How to complete this task –
As the answer, set down the lines below from the one containing "telecommunication tower at" through the one containing "Bước 1: Tại", exactly and inclusively, and no others.

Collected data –
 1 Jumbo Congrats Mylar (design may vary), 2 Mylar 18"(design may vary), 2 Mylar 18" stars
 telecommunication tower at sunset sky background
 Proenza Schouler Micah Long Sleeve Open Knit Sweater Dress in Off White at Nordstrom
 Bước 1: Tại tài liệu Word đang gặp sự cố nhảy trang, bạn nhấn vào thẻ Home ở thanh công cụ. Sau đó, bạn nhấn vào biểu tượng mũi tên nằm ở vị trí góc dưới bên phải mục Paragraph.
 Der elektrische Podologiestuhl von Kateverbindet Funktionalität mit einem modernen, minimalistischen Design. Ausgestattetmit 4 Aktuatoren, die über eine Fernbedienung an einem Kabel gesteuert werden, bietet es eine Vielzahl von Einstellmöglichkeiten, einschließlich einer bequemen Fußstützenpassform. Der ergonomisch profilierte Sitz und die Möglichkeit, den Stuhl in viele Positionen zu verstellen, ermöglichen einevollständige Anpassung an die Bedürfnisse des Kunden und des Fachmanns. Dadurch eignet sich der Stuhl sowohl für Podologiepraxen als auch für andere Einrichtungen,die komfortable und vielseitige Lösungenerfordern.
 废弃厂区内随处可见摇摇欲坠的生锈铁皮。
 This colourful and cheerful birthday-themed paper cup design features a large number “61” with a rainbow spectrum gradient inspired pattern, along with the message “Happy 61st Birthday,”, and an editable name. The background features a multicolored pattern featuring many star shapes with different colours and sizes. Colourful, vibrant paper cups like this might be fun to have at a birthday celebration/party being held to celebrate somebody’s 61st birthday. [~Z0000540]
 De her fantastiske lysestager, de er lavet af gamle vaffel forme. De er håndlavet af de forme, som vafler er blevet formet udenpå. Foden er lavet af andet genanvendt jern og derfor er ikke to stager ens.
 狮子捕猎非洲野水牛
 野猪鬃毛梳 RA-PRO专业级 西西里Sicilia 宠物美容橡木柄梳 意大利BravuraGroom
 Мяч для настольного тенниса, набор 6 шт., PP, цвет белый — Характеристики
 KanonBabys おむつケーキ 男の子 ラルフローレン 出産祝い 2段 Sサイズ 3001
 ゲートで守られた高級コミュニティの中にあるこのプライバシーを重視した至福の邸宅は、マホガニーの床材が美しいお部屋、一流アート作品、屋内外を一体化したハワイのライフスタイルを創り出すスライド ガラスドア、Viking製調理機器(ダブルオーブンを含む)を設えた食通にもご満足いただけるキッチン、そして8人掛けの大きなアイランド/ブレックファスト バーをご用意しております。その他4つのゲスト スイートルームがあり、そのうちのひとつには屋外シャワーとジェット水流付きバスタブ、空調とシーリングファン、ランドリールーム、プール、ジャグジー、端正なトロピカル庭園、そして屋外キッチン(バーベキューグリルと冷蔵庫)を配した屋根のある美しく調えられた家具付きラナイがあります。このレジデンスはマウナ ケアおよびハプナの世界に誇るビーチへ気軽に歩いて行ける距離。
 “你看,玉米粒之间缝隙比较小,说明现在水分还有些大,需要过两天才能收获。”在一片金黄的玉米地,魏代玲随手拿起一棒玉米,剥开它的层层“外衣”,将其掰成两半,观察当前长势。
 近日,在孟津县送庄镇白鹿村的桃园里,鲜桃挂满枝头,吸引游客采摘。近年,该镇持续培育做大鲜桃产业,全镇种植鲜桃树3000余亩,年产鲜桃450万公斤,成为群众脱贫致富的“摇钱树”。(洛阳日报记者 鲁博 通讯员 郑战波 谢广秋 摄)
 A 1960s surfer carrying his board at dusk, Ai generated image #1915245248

The answer –
 telecommunication tower at sunset sky background
 Proenza Schouler Micah Long Sleeve Open Knit Sweater Dress in Off White at Nordstrom
 Bước 1: Tại tài liệu Word đang gặp sự cố nhảy trang, bạn nhấn vào thẻ Home ở thanh công cụ. Sau đó, bạn nhấn vào biểu tượng mũi tên nằm ở vị trí góc dưới bên phải mục Paragraph.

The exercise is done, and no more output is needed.